The collection’s second half kicks off with the similarly-themed short poem, ‘Sticky Sweet’, that shows readers how trees feed. That’s followed by a seat-squirming sewing sequence in the flash fiction piece ‘In Utero’, where a new mother experiences second thoughts after giving birth. In the next story, college gal Ari thinks her new Wiccan girlfriend Mason is ‘Everything She’s Looking For’, but when Mason mystically unlocks Ari’s own spiritual potential, some harsh truths are revealed. Though written long before the Titan deep-sea submersible disaster, ‘The Amphitrite’ gains eerie atmosphere with marine biologist Emilia’s ghostly experiences aboard an underwater research station. And things go bump in the night when married couple Everly and Brooke move into the house at ‘23 McCormick Road’ and must solve the mystery haunting their new abode.

There are several recurring themes woven throughout Femina. The juxtaposition between how women see themselves as opposed to how society views them lies at the beating emotional heart of Marceau’s work, and the multifaceted roles women assume in the modern world are explored in all their intricate, intimate, sometimes messy aspects. The lack of understanding some men have towards women, too, is unflinchingly portrayed; boyfriends, husbands and bosses are by turns selfish, overly-critical, uncaring shapes, content with their position in the patriarchal hierarchy and intent on constraining and controlling feminine will, often with gleefully gory results.

It would be a mistake, however, to assume the protagonists in Femina are cookie cutter ‘final girls’; these are raw, realistic, three-dimensional individuals, imperfect and believably defined more by their humanness than gender, and therein lies the secret strength of Marceau’s prose: male or female, gay or straight, young or old, every reader can relate to the thoughts, feelings, desires and actions present in these stories, and as such, five pieces stand above the rest in their vivid descriptions of loss, life and death.

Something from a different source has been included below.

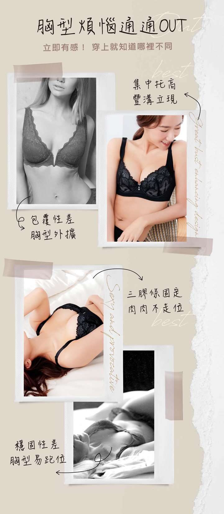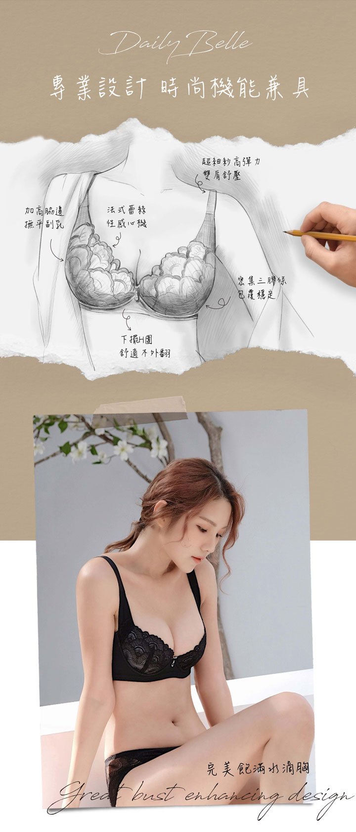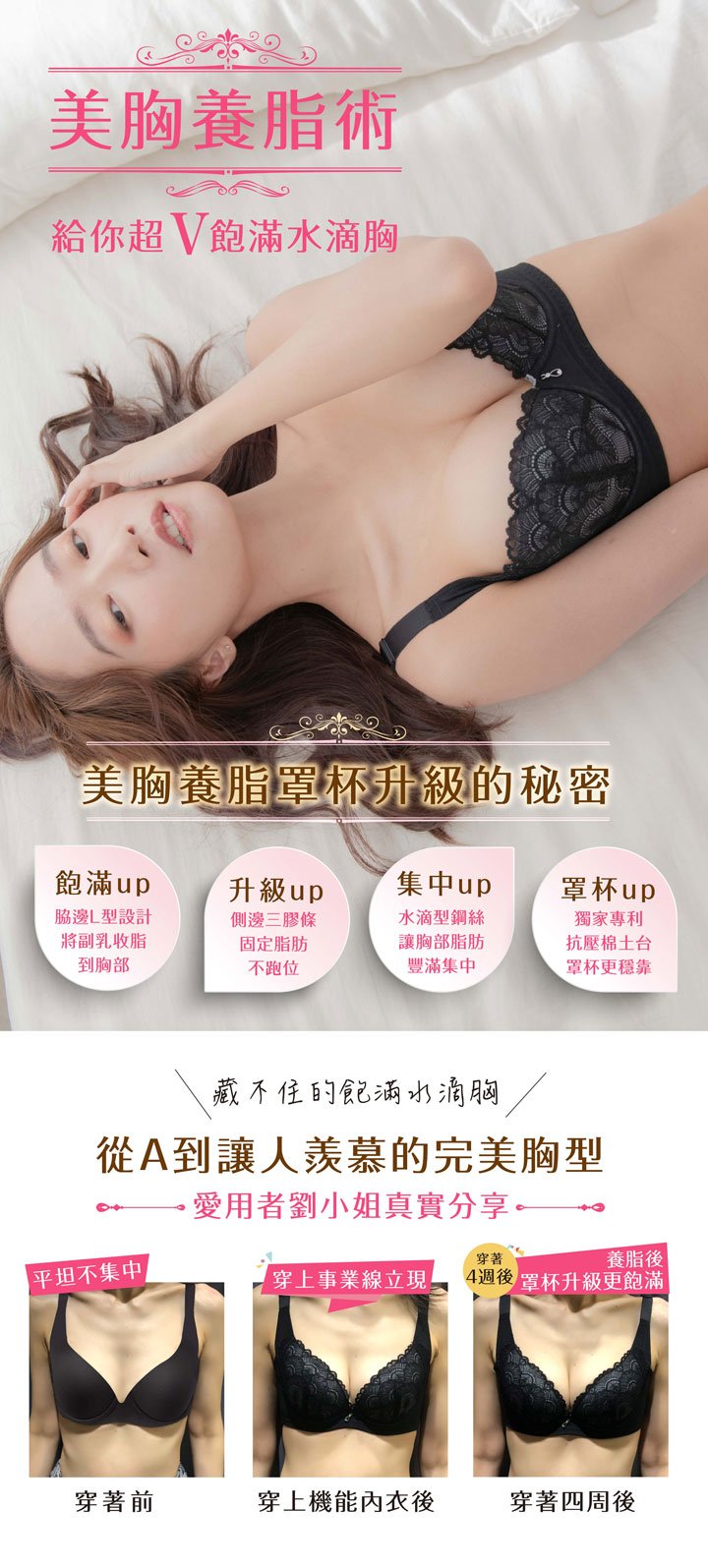 收脂水滴型鋼絲設計,不頂前胸不疼痛無壓迫感,視覺上胸型豐滿集中。

With the feel of an old-world fairy tale, the tragic ‘Broken’ plumbs the bittersweet consequences of true love, when the rulers of two warring kingdoms unite their nations via the arranged marriage of their eldest children. The brilliant flash fiction entry ‘Loop’ is as fascinating for its experimental visual style as for the mournful story it tells. Aggravated with her immature boyfriend and a boorish, bullying boss, officer-worker Laura finds cathartic release through murder in the darkly comic ‘Blood And Coffee’. And when overweight Billie is goaded into stomach bypass surgery by her fatphobic husband, the dreadful result as her body wastes away culminates with a literal gut-wrenching climax in ‘Gastric’.

Yet the blue ribbon of Marceau’s collection is undoubtedly the high-concept ‘The Only Thing To Fear’. Set in an alternate world where shape-shifting loup-garous are a common, if not accepted, segment of the population, sweet teenager Gwen’s anxiety that she may be afflicted with the monstrous morphing trait compounds the ill-treatment she’s received from her boyfriend. But will she choose to use her newfound animal side for revenge?

If there’s a fault in Femina it’s that the pages pass too quickly. Brevity may be the soul of wit, but with an author of such keen ability an audience wants as much material as it can get. That said, Marceau is at the forefront of a new wave of female indie horror writers, and anyone seeking a quick Tales From The Crypt thrill will find much to love here. Blood gushes, spurts and sprays in a variety of clever, crafty and creative ways, but beneath any mayhem lurks the fascinating, tragic, beautiful and sometimes sad workings of the human soul.

Femina hereby earns a well-earned 4 (out of 5) on my Fang Scale. I can’t wait to see what worlds Marceau creates next.